Stored items from a collection:
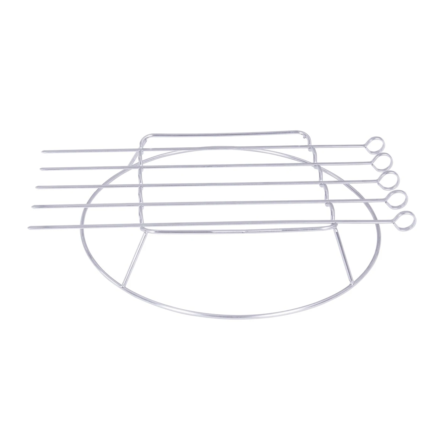 - Runder Grillspießaufsatz, inclusive 5 Grillspieße, beides aus Edelstahl
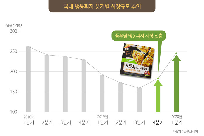 지난해 12월 ‘노엣지·크러스트 피자’를 출시하며 국내 냉동피자 시장에 본격 진출한 풀무원은 출시 두 달 만에 100만 판을 판매하는 등 새로운 활력을 불어넣고 있다. 특히, 2018년 1분기부터 하향곡선을 그렸던 국내 냉동피자 시장은 풀무원이 진출한 19년 4분기부터 터닝포인트를 맞고 다시 가파른 상승곡선을 그리고 있다.
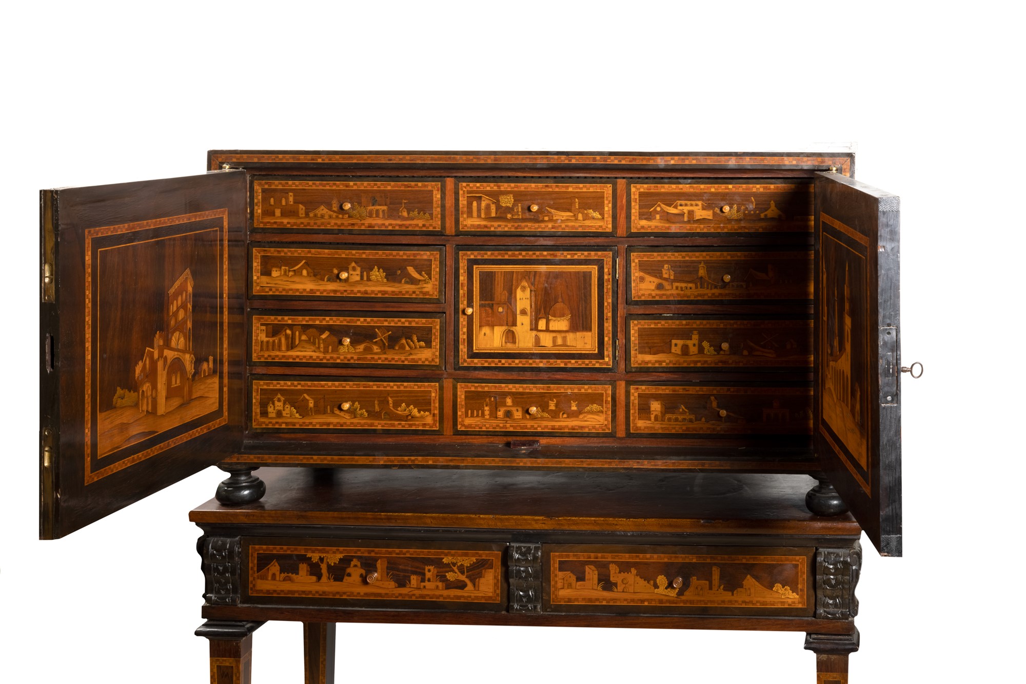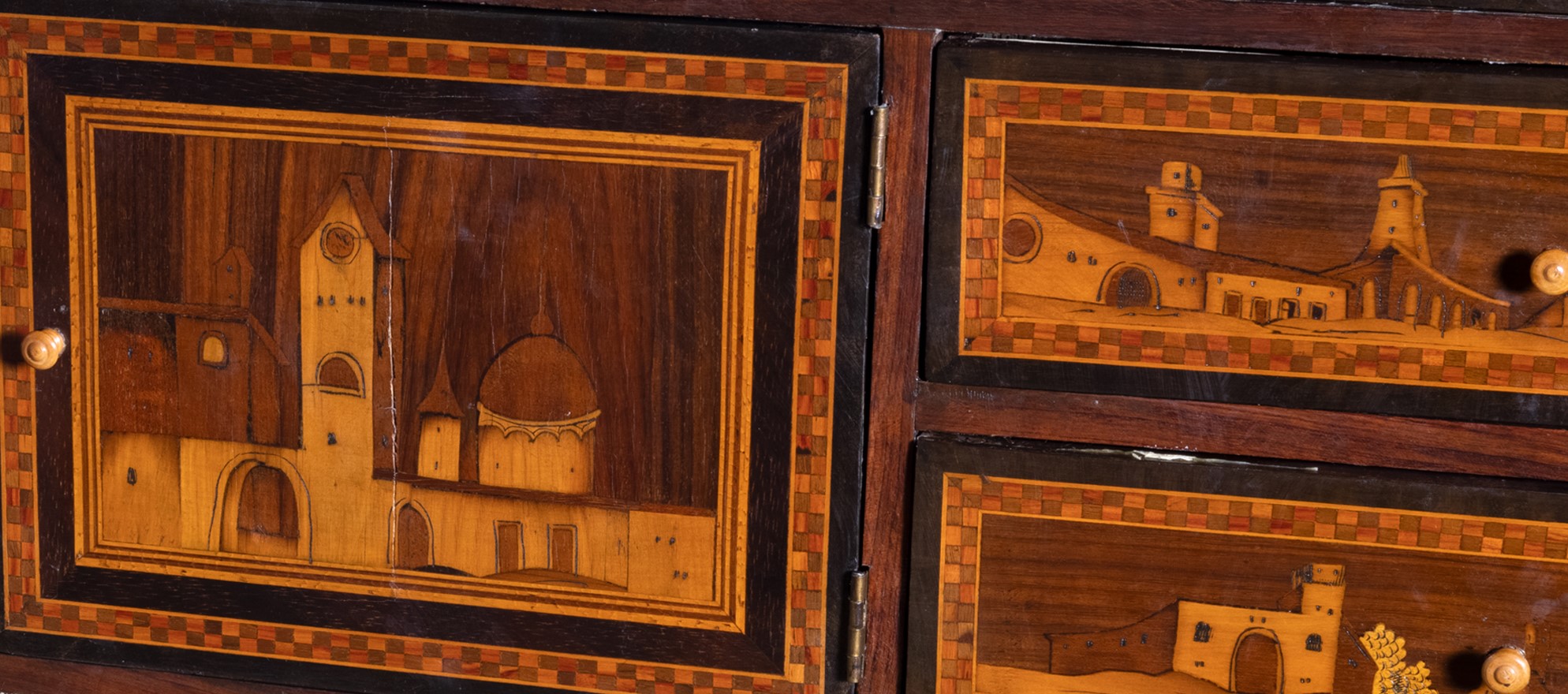 Stipo monetiere in legno finemente intarsiato con paesaggi e architetture, Italia centrale secolo XVIII
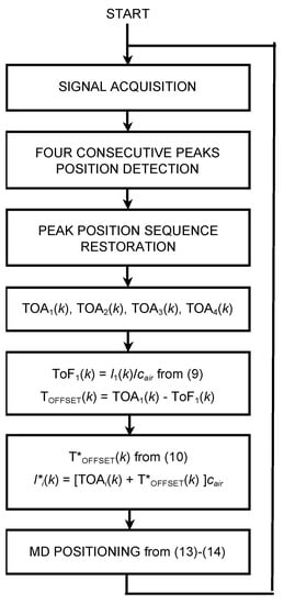 A block diagram of the proposed positioning algorithm, as executed onboard the MD, is shown in Figure 3.
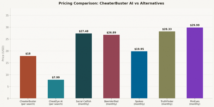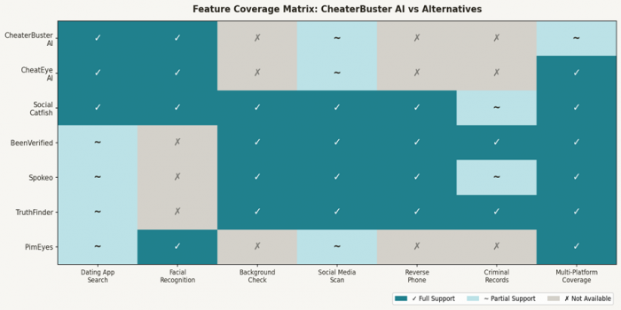| "I need to check Tinder specifically and cheaply" | CheatEye AI | Same Tinder focus as CheaterBuster at 60% lower cost per search |
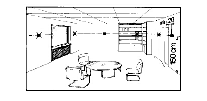 房間溫度控制應(yīng)安裝在避免受到太陽(yáng)輻射或其他冷熱源影響的位置。 安裝高度距地面約 1.5 米。
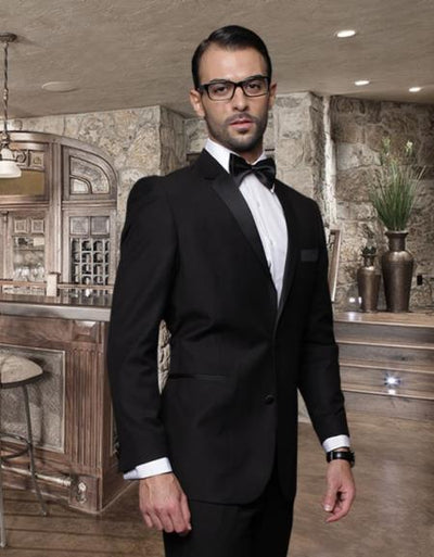 1 Button Peak Lapel Single Breasted Besom Chest Pocket Two Besom Pocket Color: Black
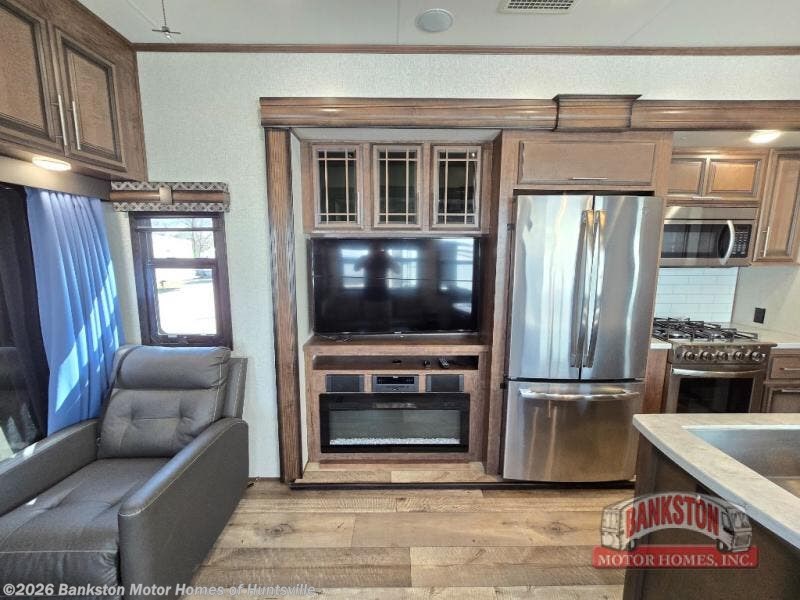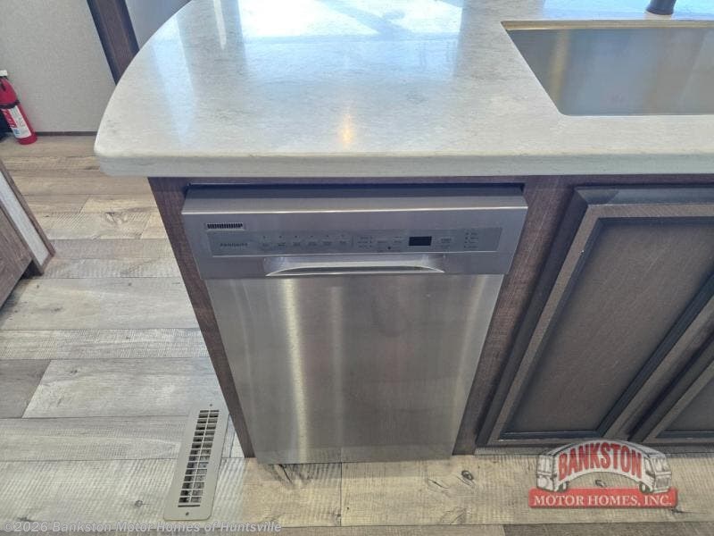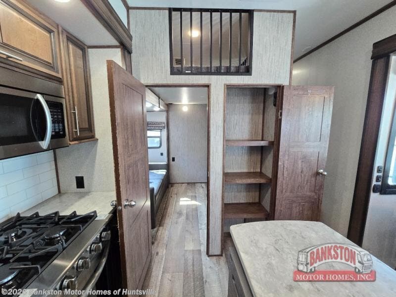 You will enjoy living or camping in this fifth wheel with the choice to hangout outside above ground on the rear patio deck with a patio door for easy access plus you can use some of the space to store your outdoor gear like fishing pools, wet boots, and such. The 19' power awning by the main entry also offers an outdoor living area protected from the elements and you might choose to add a second awning option. The cook will enjoy making food for everyone with all the appliances and floor space plus the stainless steel dishwasher will help with clean up. The extra room is accessed through the kitchen and can be utilized as an office with the desk top, a second living area and/or a second bedroom thanks to the hide-a-bed sofa. The queen-size loft above has stairs with access in the hallway so the kids can easily get to the loft to sleep or play, and it is near the full bathroom. The front master bedroom will surely not disappoint each time you enter thanks to electric-tilt king bed and all the storage for your clothing, plus there is a space prepped for a washer/dryer option and more handy storage.

▸ **Work order**
Nothing but the lines from the one with "지난해 12월 ‘노엣지·크러스트" to the one with "1 Button Peak" above, both included, should be transcribed, exactly and without pictures.

▸ **Task result**
 지난해 12월 ‘노엣지·크러스트 피자’를 출시하며 국내 냉동피자 시장에 본격 진출한 풀무원은 출시 두 달 만에 100만 판을 판매하는 등 새로운 활력을 불어넣고 있다. 특히, 2018년 1분기부터 하향곡선을 그렸던 국내 냉동피자 시장은 풀무원이 진출한 19년 4분기부터 터닝포인트를 맞고 다시 가파른 상승곡선을 그리고 있다.
 Stipo monetiere in legno finemente intarsiato con paesaggi e architetture, Italia centrale secolo XVIII
 A block diagram of the proposed positioning algorithm, as executed onboard the MD, is shown in Figure 3.
| "I need to check Tinder specifically and cheaply" | CheatEye AI | Same Tinder focus as CheaterBuster at 60% lower cost per search |
 房間溫度控制應(yīng)安裝在避免受到太陽(yáng)輻射或其他冷熱源影響的位置。 安裝高度距地面約 1.5 米。
 1 Button Peak Lapel Single Breasted Besom Chest Pocket Two Besom Pocket Color: Black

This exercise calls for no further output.